# [**SOLVED**] Request for an "init=" on boot

## Odd_Bloke

I've just installed Gentoo, and downloaded the source for kernel 2.6.15-gentoo-r1. I have configured and installed this (to the best of my knowledge) as detailed in the Installation Guide. However, whenever I attempt to boot using it, I get a kernel panic with a complaint about there being no init. The error message suggests I try using 'init=" so I tried both 'init=3' and 'init=default' at the end of my boot options (though only within GRUB) to no avail, at which point my limited knowledge failed.

I'd greatly appreciate someone helping me out (or at least giving me a shove in the general direction I should be looking, if it's something blindingly stupid. I didn't choose Gentoo to have my hand held (though I may take that back later  :Razz: ))

Cheers,

DanLast edited by Odd_Bloke on Mon Feb 13, 2006 7:20 am; edited 1 time in total

----------

## paulbarker

Have you installed an init program. Boot from the cd and look for the file "/sbin/init" on your gentoo system. The "init=xxx" line is not a runlevel but the location of the init program. I'm not 100% sure of this but I'm pretty confident.

Paul Barker

----------

## Odd_Bloke

 *paulbarker wrote:*   

> Have you installed an init program. Boot from the cd and look for the file "/sbin/init" on your gentoo system. The "init=xxx" line is not a runlevel but the location of the init program. I'm not 100% sure of this but I'm pretty confident.
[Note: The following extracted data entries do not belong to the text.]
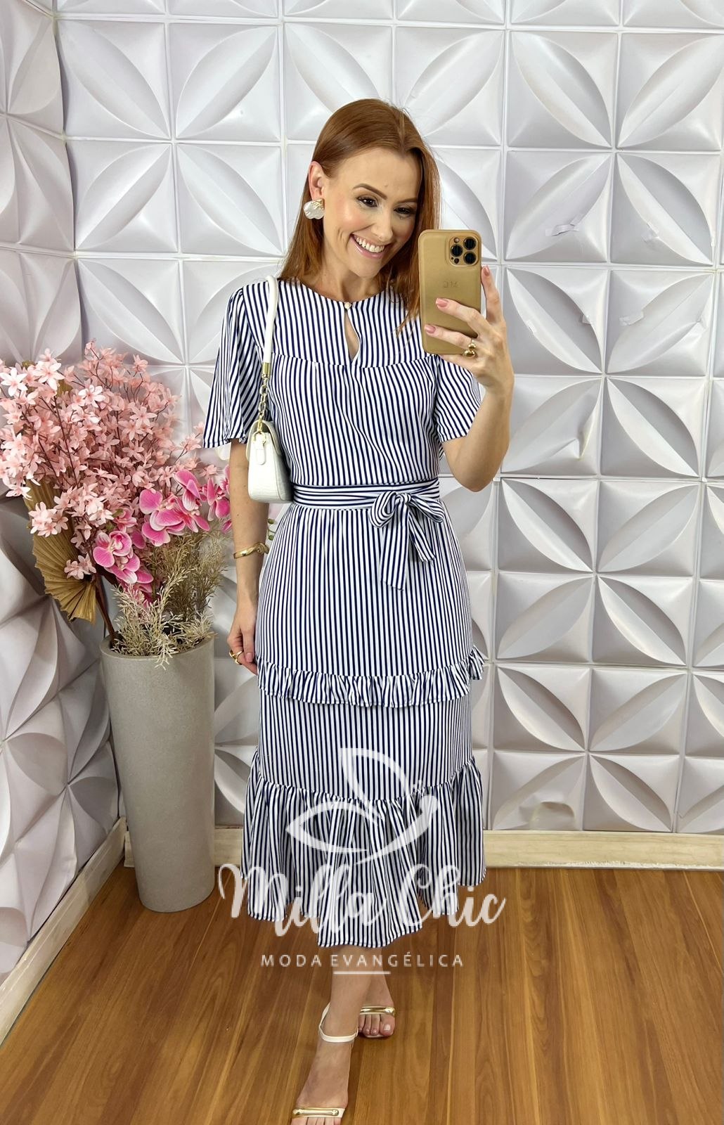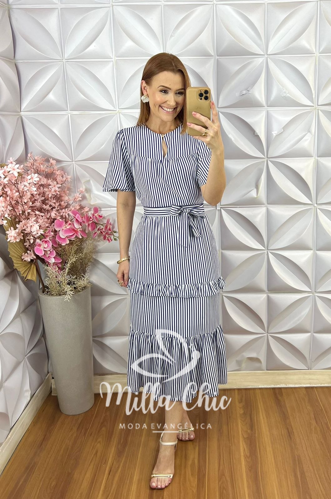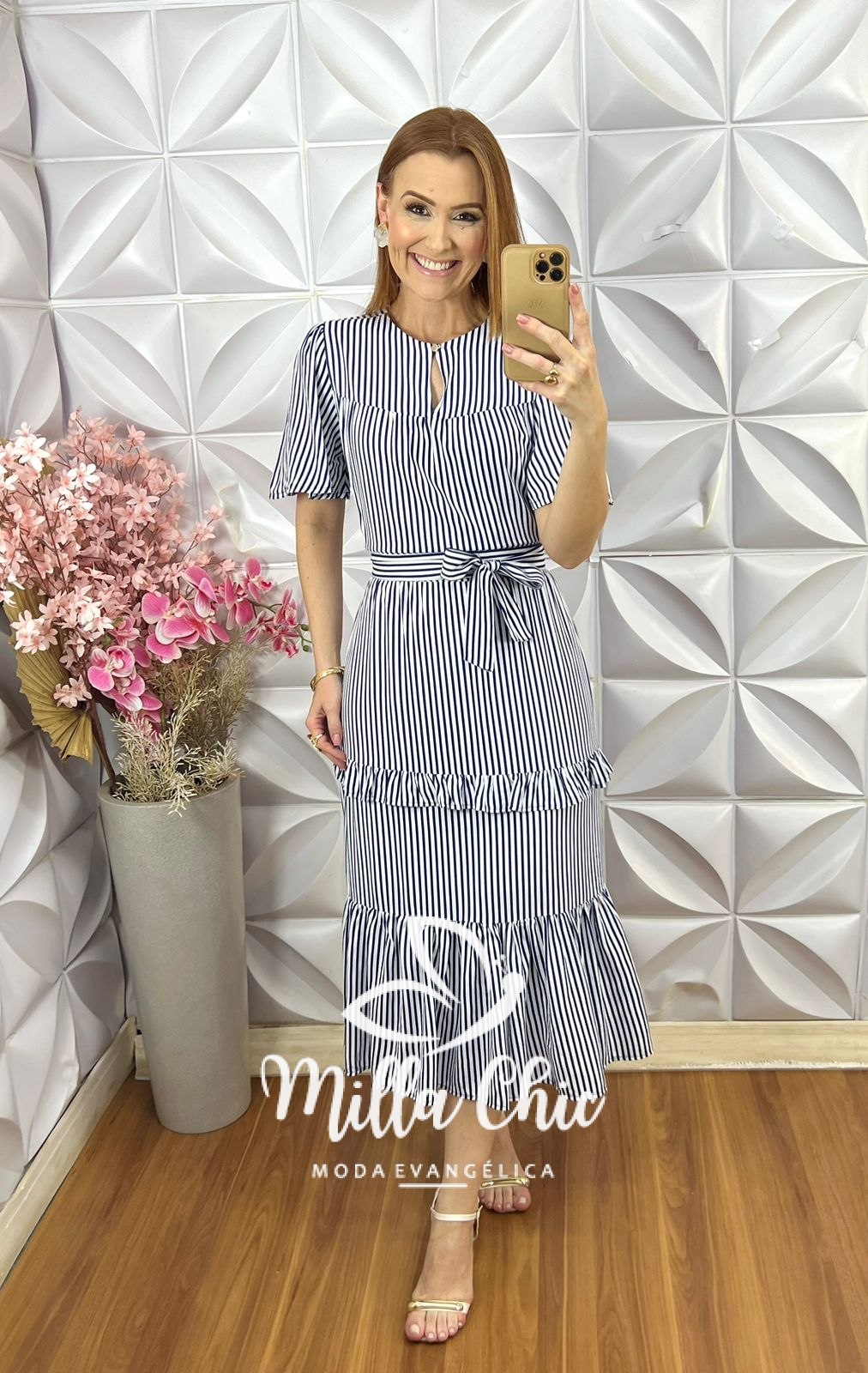 Vestido Sicília em Viscolinho Listrado - Roxo - Milla Chic
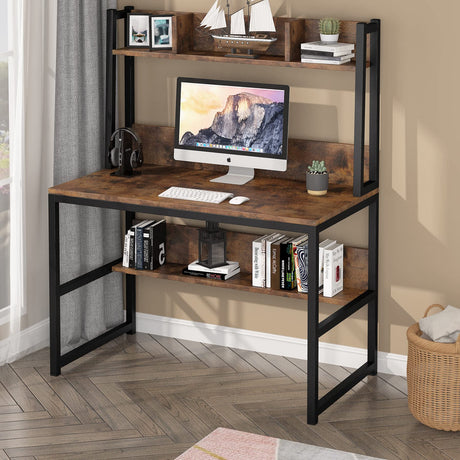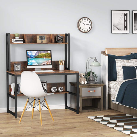 55'' Large Executive Desk with Lateral File Cabinet,Brown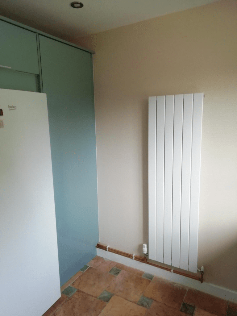 Last Part: Several people have asked about our new kitchen recently. Kevin the plumber has been round this morning, fitting the radiator in our utility room. – the last part in our lovely new kitchen….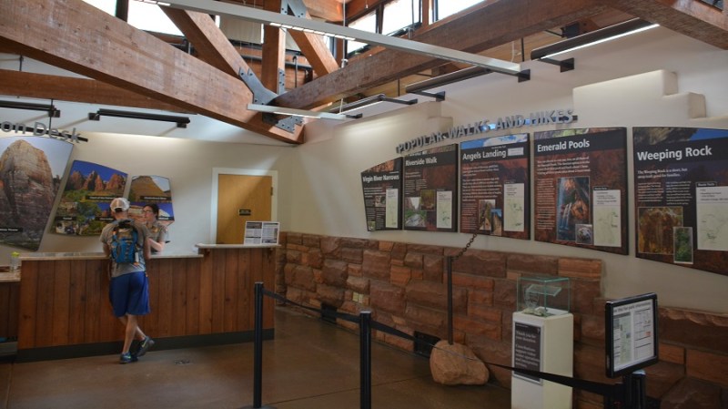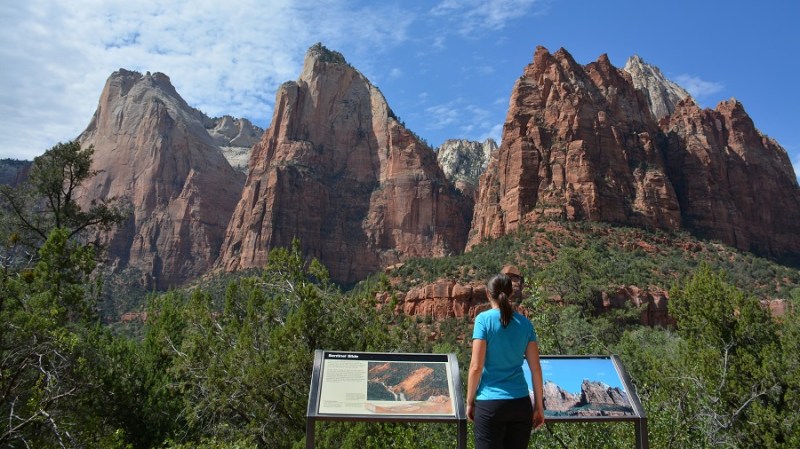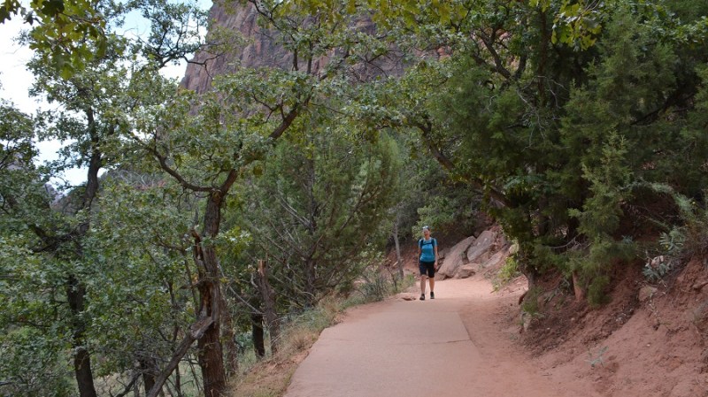 Odločila sva se, da se ustaviva na postojanki, od koder je pešpot, ki vodi do razgledne točke Zion Observation Point. Zelo sem bila nesrečna, saj sem za malo potrebo potrebovala kar 1 uro. Gneča in eno samo stranišče. To pa res ni bilo dobro, ob vsej odlični organizaciji znotraj parkov. Obiskovalci so po številu daleč prehiteli obstoječo infrastrukturo. Prebrala sva, da je do razgledne točke kar nekaj hoje in tudi precej višinske razlike, v planu pa sva imela še kar nekaj postojank za tisti dan. Tudi noge niso bile najbolj sveže. Za pot bi potrebovala vsaj 3 ure in ni se nama izšlo. Menda pa trud nudi zelo lep razgled na park.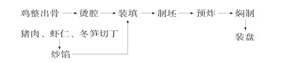(3)制坯:将三丁馅填入鸡腹约80%满,用鸡胚皮将鸡两翅圈扎起,抹酱油,入200℃油中预炸至金黄色。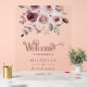 Elegant wedding welcome sign featuring beautiful flowers and modern typography.

  I neglected to mention that I already have a booting 2.6.12 kernel (which is what I'm running on ATM), but I will try this as soon as I'm able to reboot.

Thanks,

Dan

----------

## nixnut

Post more of the error output. It probably has a bit more useful info.

And post your grub.conf and fstab.

----------

## Earthwings

Sounds like you're using an initrd but don't have the init=/linuxrc parameter in the kernel line in grub.conf. Please post grub.conf and the exact error message if that doesn't help.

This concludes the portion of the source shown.